SOURCE DATA:
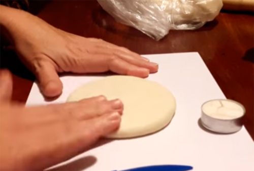 נכין מיד את כל מה שאתה צריך למלאכות מבצק מלח ונלמד כיתת אמן. אנחנו לוקחים נר עגול קטן, בצק מוכן, מכבש שום, סכין פלסטיק, מקום עבודה, מערוך.
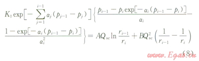 Pi≤P≤i-1內(nèi)(其對(duì)應(yīng)的徑向距離ri≤r≤ri-1),儲(chǔ)層滲透率可以表示為:
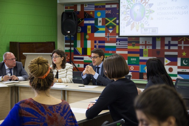 Заседание состоялось в Центре межкультурной коммуникации НИУ «БелГУ». Участниками мероприятия стали руководители Института, преподаватели и студенты ИМКиМО, выпускники различных направлений, а также учащиеся МОУ «Дубовская СОШ с УИОП». Почетным гостем заседания стал проректор НИУ «БелГУ» по международному сотрудничеству, к.ф.н., доцент Владислав Кучмистый.

GOAL OF THE EXERCISE: Everything in the material above should be reproduced exactly, except the pictures.

RESULT OF THIS TASK:
 נכין מיד את כל מה שאתה צריך למלאכות מבצק מלח ונלמד כיתת אמן. אנחנו לוקחים נר עגול קטן, בצק מוכן, מכבש שום, סכין פלסטיק, מקום עבודה, מערוך.
 Pi≤P≤i-1內(nèi)(其對(duì)應(yīng)的徑向距離ri≤r≤ri-1),儲(chǔ)層滲透率可以表示為:
 Заседание состоялось в Центре межкультурной коммуникации НИУ «БелГУ». Участниками мероприятия стали руководители Института, преподаватели и студенты ИМКиМО, выпускники различных направлений, а также учащиеся МОУ «Дубовская СОШ с УИОП». Почетным гостем заседания стал проректор НИУ «БелГУ» по международному сотрудничеству, к.ф.н., доцент Владислав Кучмистый.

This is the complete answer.